--- WHAT YOU ARE ASKED TO DO ---
The required output holds only the lines from the one containing "6校時、体育館2Fアリーナで" through the end of the material below, copied exactly, please, with no pictures.

--- RECORDS SHOWN ---
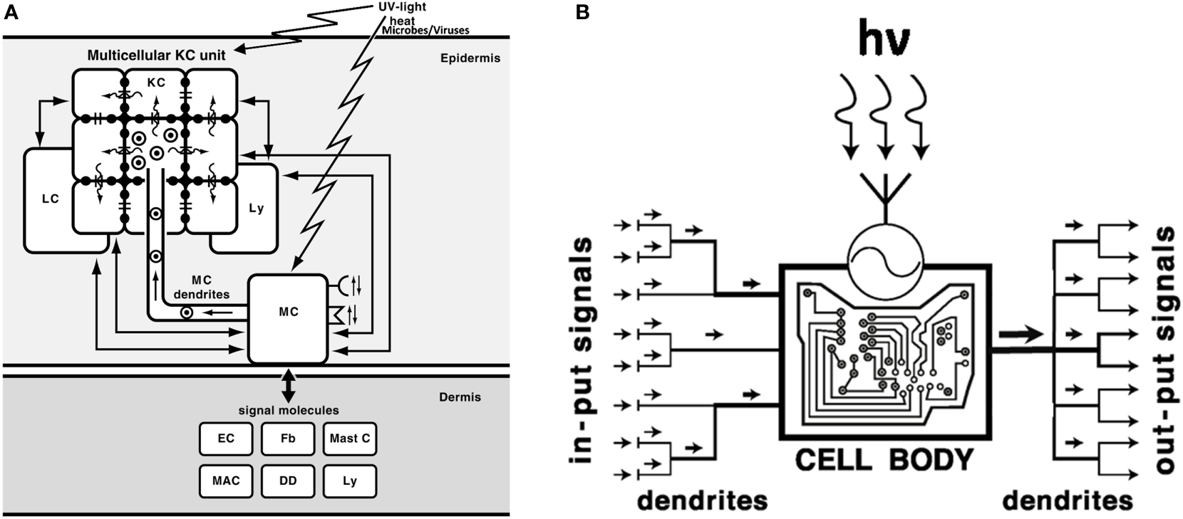 Melanocytes, melanin-producing cells with neuroendocrine capabilities, act as sensory and regulatory cells of the epidermis (A) with computing capabilities (B). (A): MC, melanocytes; KC, keratinocytes; LC, Langerhans cells; Ly, lymphocytes; Mast C, mast cells; MAC, macrophages; Fb, fibroblasts; EC, endothelial cells; DD, dermal dendritic cells;
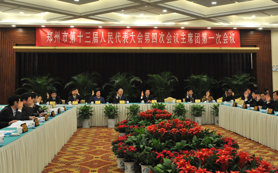 郑州人大网1月31号讯 今天下午,市十三届人大四次会议预备会议结束后,新选出的大会主席团举行了第一次会议。 会议由市人大常委会主任白红战主持。 会议推定了大会主席团常务主席,决定大会执行主席分组名单;决定大会日程和大会副秘书长名单;表决通过了代表提出议案和审议处理的规定;审议通过了关于接受有关人员辞去职务的决定草案,通过选举和表决办法草案。
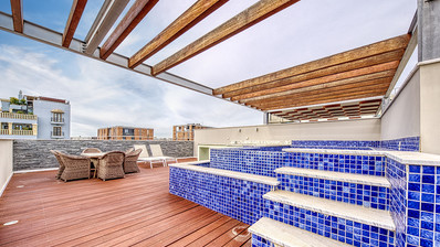 Situated within a high-quality residential complex, the penthouse enjoys a spacious private terrace with its own swimming pool, ideal for outdoor living, relaxation, and entertaining. Residents also benefit from access to a communal swimming pool, beautifully landscaped gardens, and covered parking, creating a secure and well-maintained living environment.
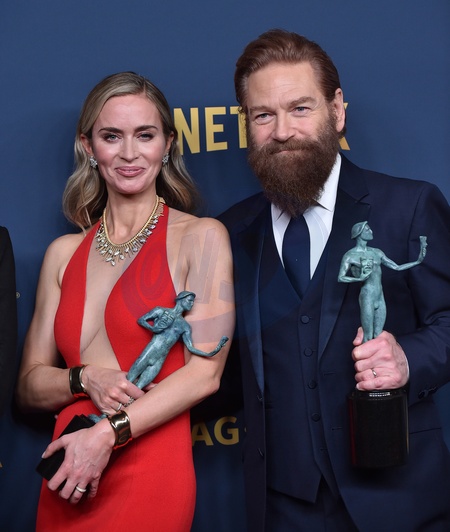 Emily Blunt and Kenneth Branagh in the press room at the 30th Annual SAG Awards at the Shrine Auditorium on February 24, 2024 in Los Angeles, CA.© OConnor-Arroyo/AFF-USA.com
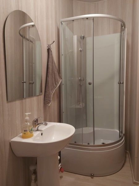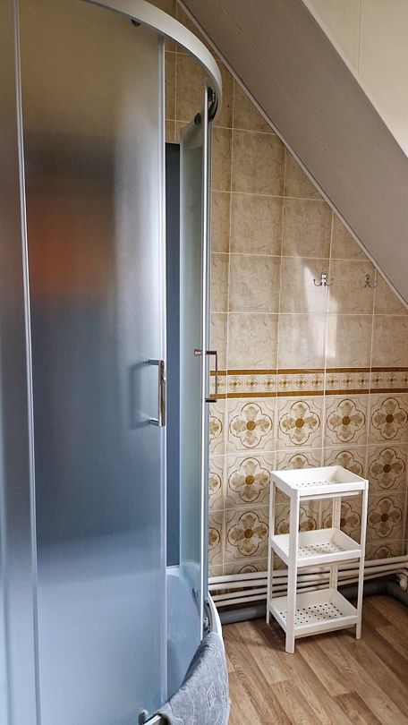 Собственный санузел (душевая, туалет, раковина) на этаже напротив номера.
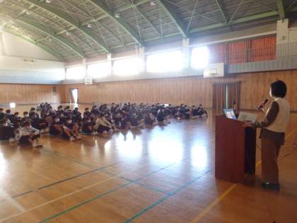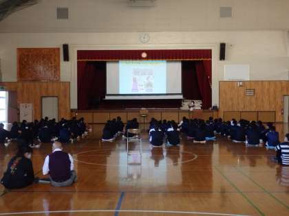 6校時、体育館2Fアリーナで、1年生が保健講話を受けていました。内容は「正しい薬の使い方」で、本校の薬剤師の方に講師をしていただきました。講話を聞いた1年生の女子生徒は、タバコや薬がダメなことは知っていましたが、ニコチンのこと、依存性があることを知りました、私は頭痛持ちで薬を飲むことがありますが、母が飲み過ぎると効かなくなるからしっかり寝て治しなさい、と言っていた意味を理解することができました、と言っていました。
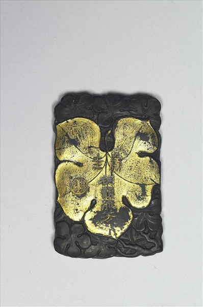 近長方形墨,墨色沉厚亮潤,面有裂紋。雙面皆雕桐葉,葉厚脈深線條流利。一面中央作一刷金大葉,其上做篆文「○圭」、隸文識款「桐韻流芳」與陽文篆印「燦君」;另一面填藍色題句「喧密葉於鳳晨,宿高枝於鸞暮」,鈐「東」、「山」填金雙連印。
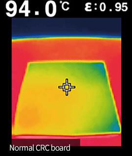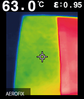 Heat shield effect of about 31℃ in AEROFIX construction compared to normal CRC board on a heat plate heated to 100℃

--- ANSWER TO THE PROBLEM ---
 6校時、体育館2Fアリーナで、1年生が保健講話を受けていました。内容は「正しい薬の使い方」で、本校の薬剤師の方に講師をしていただきました。講話を聞いた1年生の女子生徒は、タバコや薬がダメなことは知っていましたが、ニコチンのこと、依存性があることを知りました、私は頭痛持ちで薬を飲むことがありますが、母が飲み過ぎると効かなくなるからしっかり寝て治しなさい、と言っていた意味を理解することができました、と言っていました。
 近長方形墨,墨色沉厚亮潤,面有裂紋。雙面皆雕桐葉,葉厚脈深線條流利。一面中央作一刷金大葉,其上做篆文「○圭」、隸文識款「桐韻流芳」與陽文篆印「燦君」;另一面填藍色題句「喧密葉於鳳晨,宿高枝於鸞暮」,鈐「東」、「山」填金雙連印。
 Heat shield effect of about 31℃ in AEROFIX construction compared to normal CRC board on a heat plate heated to 100℃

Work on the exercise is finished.